Well, I can't do that...
- Cher, in Believe

 If I had far more than the one or two dozen gigabytes per month to play/live on the internet, I would watch most of these little tennis videos a few times.  I just watched #32 and it's a match I remember well.  I call it Black-On-Black-Violence.  Both Roger Federer and Andy Roddick showed up in black.  Dressed as The Undertaker, I said, as in, somebody is going to leave in a coffin today.  Andy himself was a perennial top 4 player and a one-time world number 1.  He had Jimmy Connors coaching him and had gone through hell to put himself in a position to challenge Roger, who had become a mountain-sized problem to him and everybody.
Oh Lord, the bullets came pow.  Pow.  Andy with the fastest serve in men's tennis.  Power.  Heart.  Fire.    Everything.  Read about it read about it, let me know if you watched it
Roger won.
I don't know if I cried but I felt Andy's heart.  That was when he became my guy, because before that...ehn, he's American, so, too...uncomplicated.
Omg another match I just remembered: Andy Roddick winning at Queens - pure, unadulterated beauty.  First of all the courts at Queens make you - I mean if you're the kind that gets visceral reactions to beautiful things - you'll lose your breath for a bit.  It's so dirty-yellow green and red.  And Andy respecting the space because it's England, yet being such a giant, so fit, hard, and American.  And then doing his job, whacking the ball, and winning and being happy. 

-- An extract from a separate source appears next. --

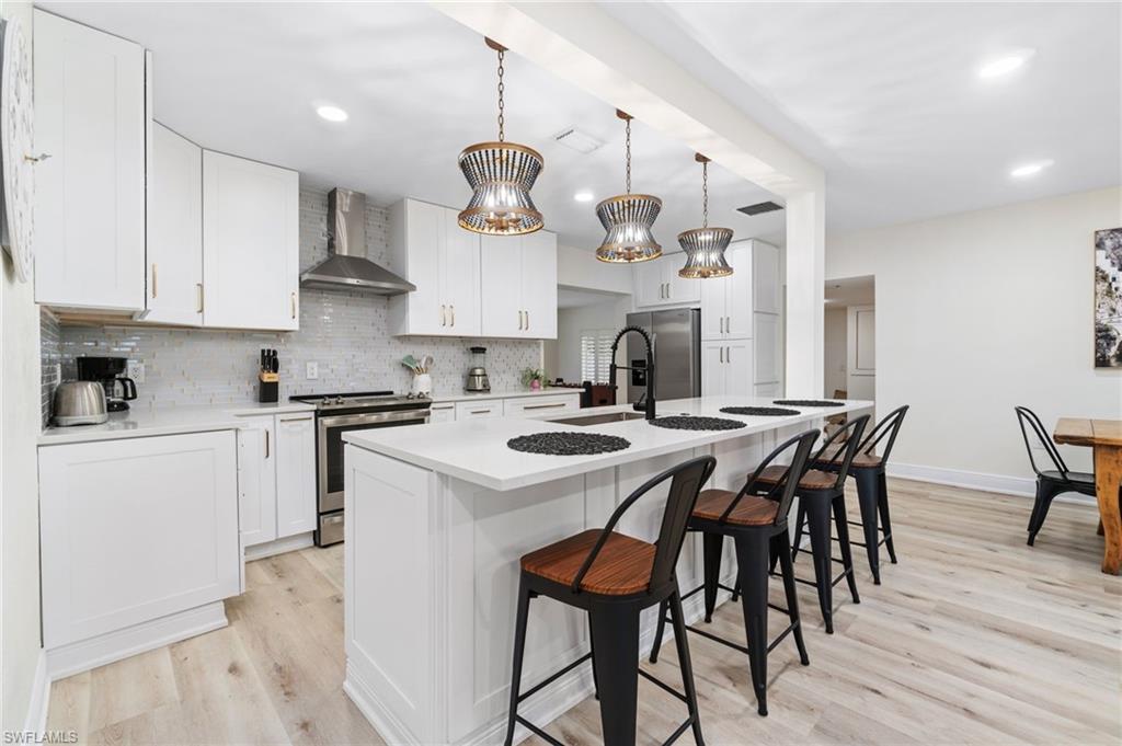 This fully updated pool home offers the space, flexibility, and lifestyle that make El Dorado Acres one of the most sought-after pockets of Bonita Springs — a rare opportunity to live west of 41, NOT IN A FLOOD ZONE, NO HOA, with room to breathe and immediate access to the very best of Southwest Florida. Located in the coveted west-of-41 corridor, this newly remodeled coastal-modern estate sits on an expansive double lot and delivers a perfect blend of style, comfort, and functionality. Upgraded with a new roof, new A/C system, and new water heater, this sprawling single-story layout offers over 3,000 square feet under air living featuring 4 large bedrooms plus a private office, 3 fully renovated bathrooms, a generous second large living room ideal for entertaining, and an oversized garage perfect for boat or RV storage — as well as the ideal setup for anyone who loves to work on projects, build, tinker, or create in a dedicated workshop-style garage space. Outside, the property includes a large driveway with ample parking and a fenced-in side driveway designed for boat or RV storage, giving you space and flexibility rarely found west of U.S. 41. The open floor plan flows seamlessly with wide-plank vinyl flooring and a beautifully updated eat-in kitchen with quartz countertops, custom white cabinetry, and all-new stainless-steel appliances. Ideally positioned in El Dorado Acres, this home enjoys unbeatable proximity to Gulf beaches, RSW airport, and is walking distance to restaurants and shopping, offering the ultimate combination of lifestyle, convenience, and coastal living. Set within El Dorado Acres, one of Bonita Springs’ most unique non-HOA communities, residents enjoy oversized lots, neighborhood charm, and the rare freedom to bring boats, RVs, and all their toys, privileges many gated neighborhoods simply don’t offer. The location places you minutes from Coconut Point Mall, the Hyatt Regency, the new Ritz-Carlton Residences, and Saltleaf Golf Preserve.

I usually cheat by using my internet overnight (12-6 is free in the contract), but the internet company cheats by charging for the first and the final 45minutes or so, that is you're only safe from 1-5am.  Then I usually call monthly when I run out of 'data' to complain about all the lost gigabytes and they usually apologize and tack them back on, but I'm sorta getting tired of the dance.  And maybe having too many all-nighters watching gossip videos and music videos while downloading edu/Coursera recordings and all the films and music albums I want, and getting really tired from the jetlag :) is not always the way to live.

Federer: amazing!
Rafa Nadal: mi amor.  I fell in love at first sight.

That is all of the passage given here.